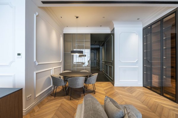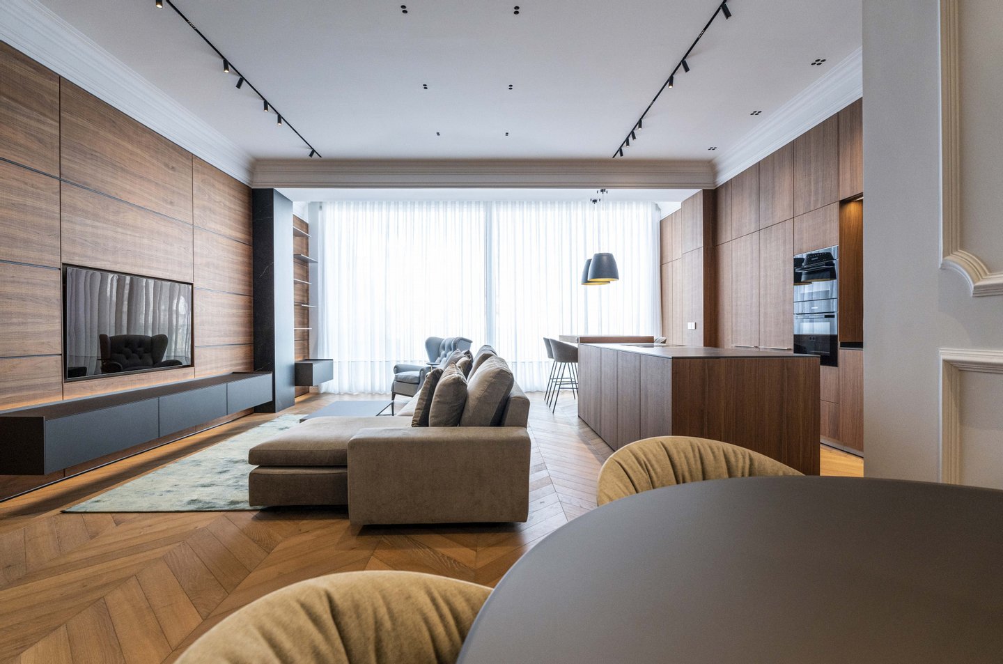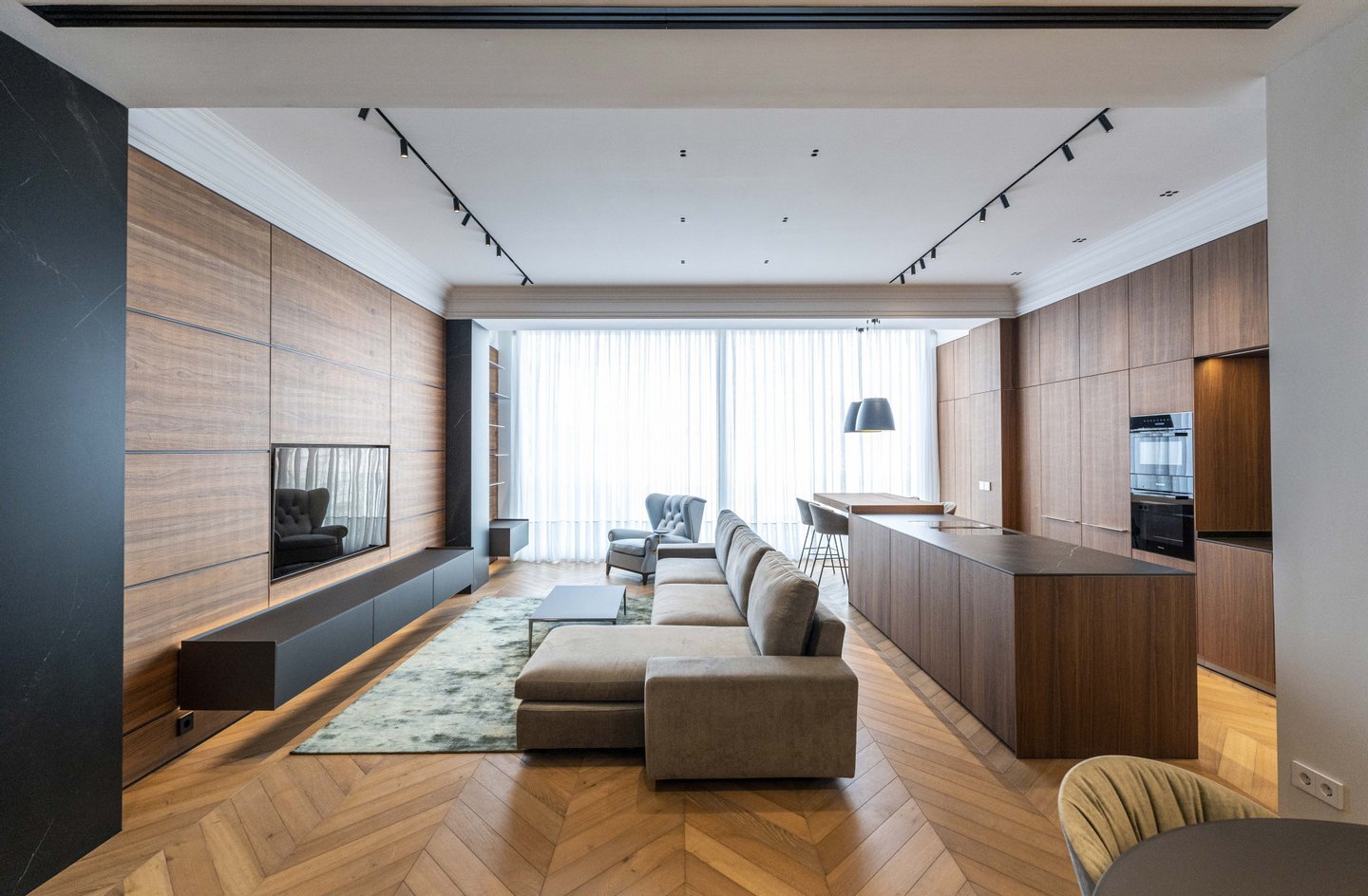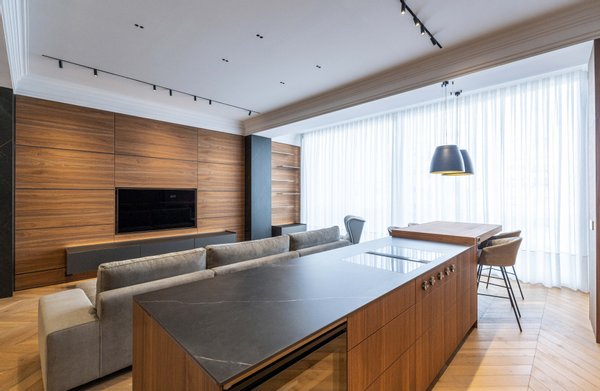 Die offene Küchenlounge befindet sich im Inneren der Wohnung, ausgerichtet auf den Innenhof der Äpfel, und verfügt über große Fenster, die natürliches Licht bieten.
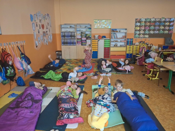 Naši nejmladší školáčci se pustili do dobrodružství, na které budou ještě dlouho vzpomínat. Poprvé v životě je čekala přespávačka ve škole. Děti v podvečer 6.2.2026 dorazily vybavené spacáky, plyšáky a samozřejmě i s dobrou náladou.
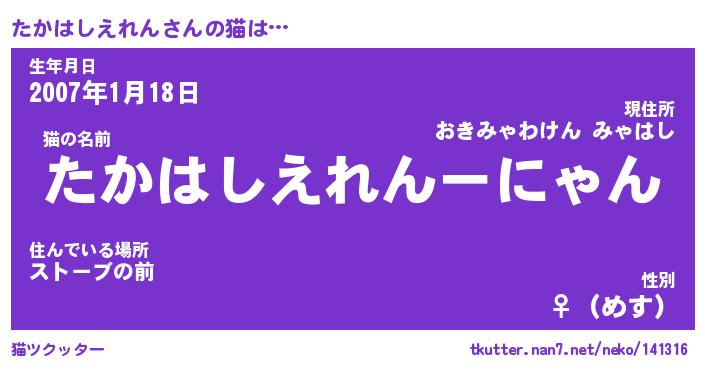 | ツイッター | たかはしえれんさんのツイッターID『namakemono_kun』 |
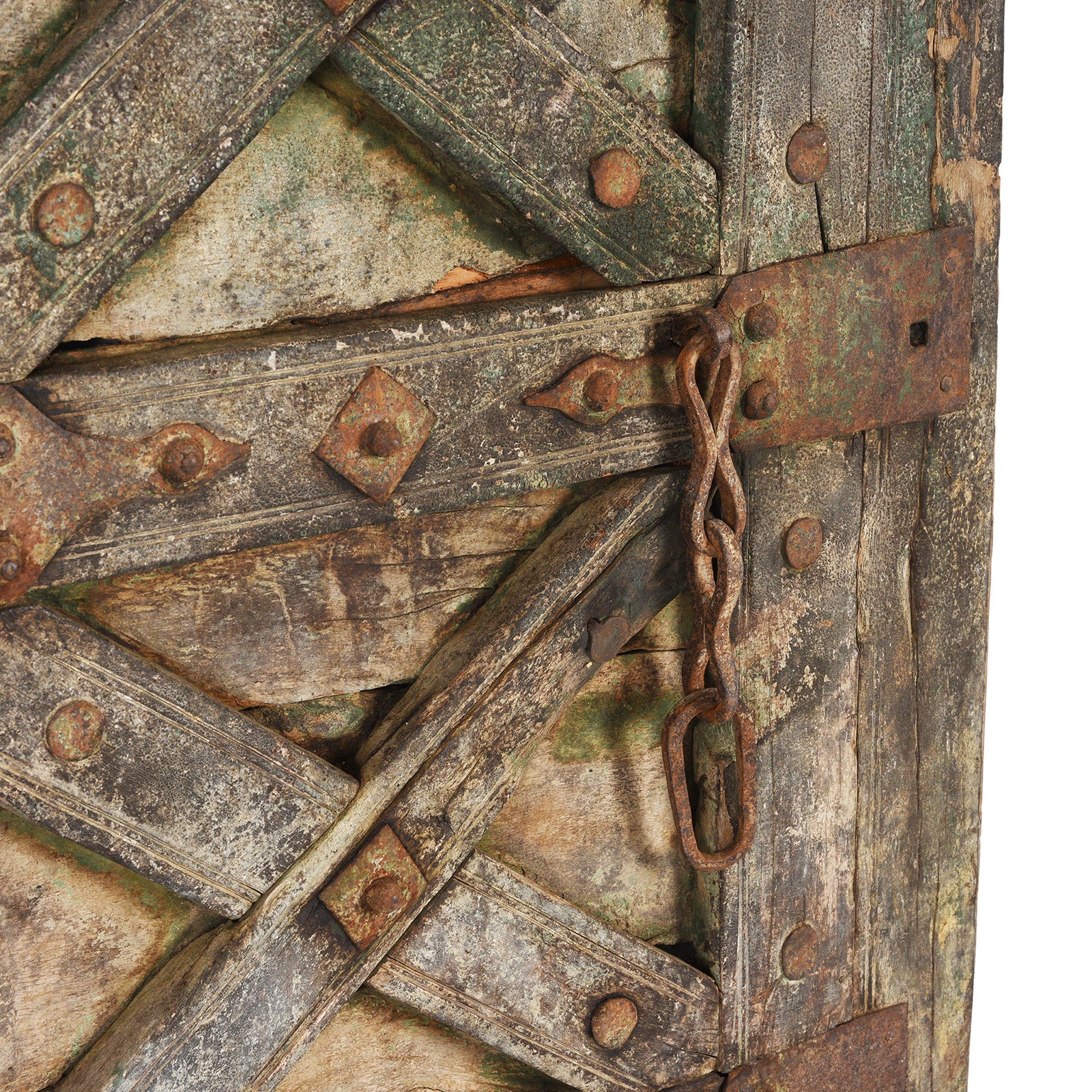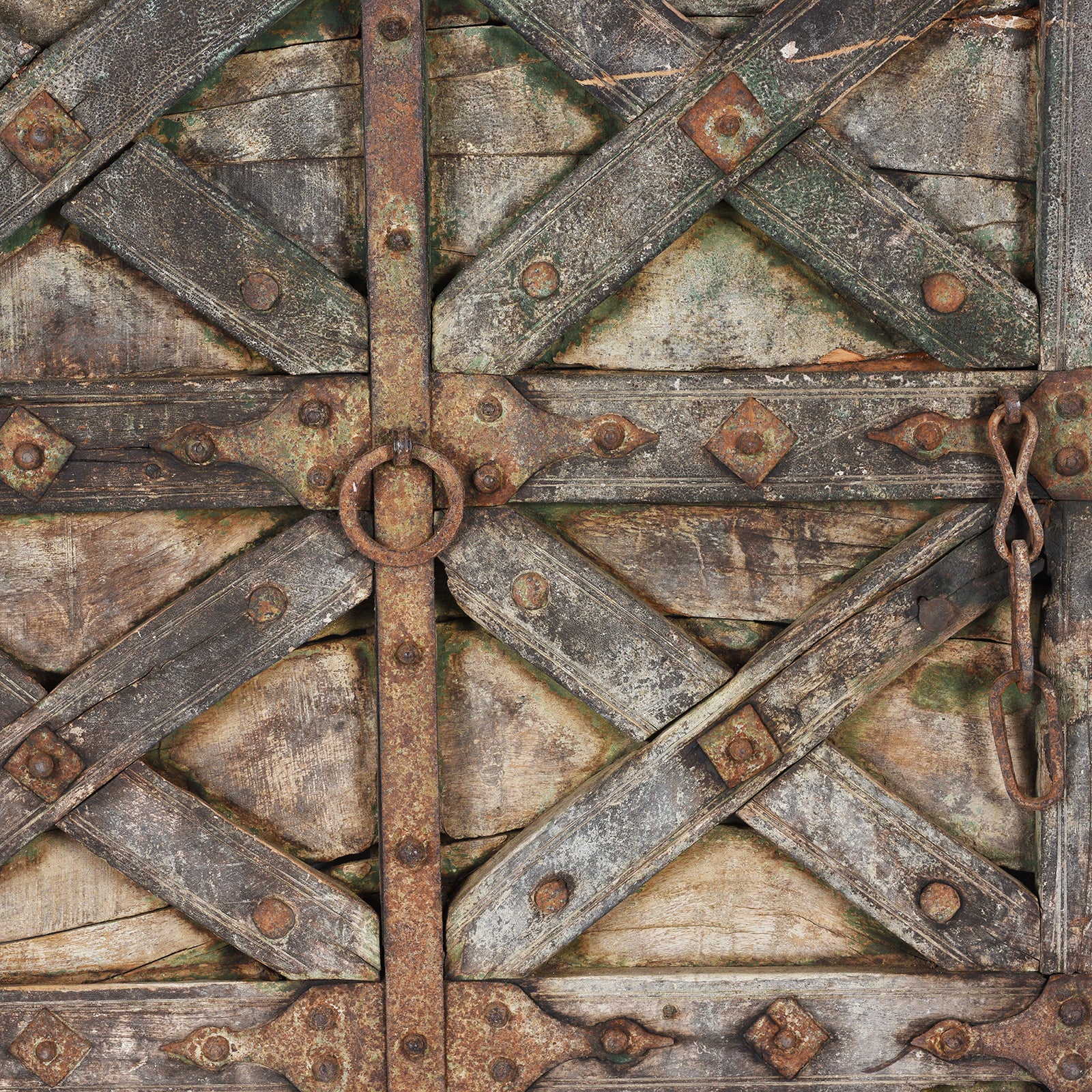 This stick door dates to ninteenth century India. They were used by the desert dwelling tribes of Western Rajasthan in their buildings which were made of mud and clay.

______________________________

▸ **THE PROBLEM**: In the listing, find the line containing "Naši nejmladší školáčci" and repeat it and every later line through the last one, word for word, excluding the pictures.

▸ **EXERCISE ANSWER**:
 Naši nejmladší školáčci se pustili do dobrodružství, na které budou ještě dlouho vzpomínat. Poprvé v životě je čekala přespávačka ve škole. Děti v podvečer 6.2.2026 dorazily vybavené spacáky, plyšáky a samozřejmě i s dobrou náladou.
 | ツイッター | たかはしえれんさんのツイッターID『namakemono_kun』 |
 This stick door dates to ninteenth century India. They were used by the desert dwelling tribes of Western Rajasthan in their buildings which were made of mud and clay.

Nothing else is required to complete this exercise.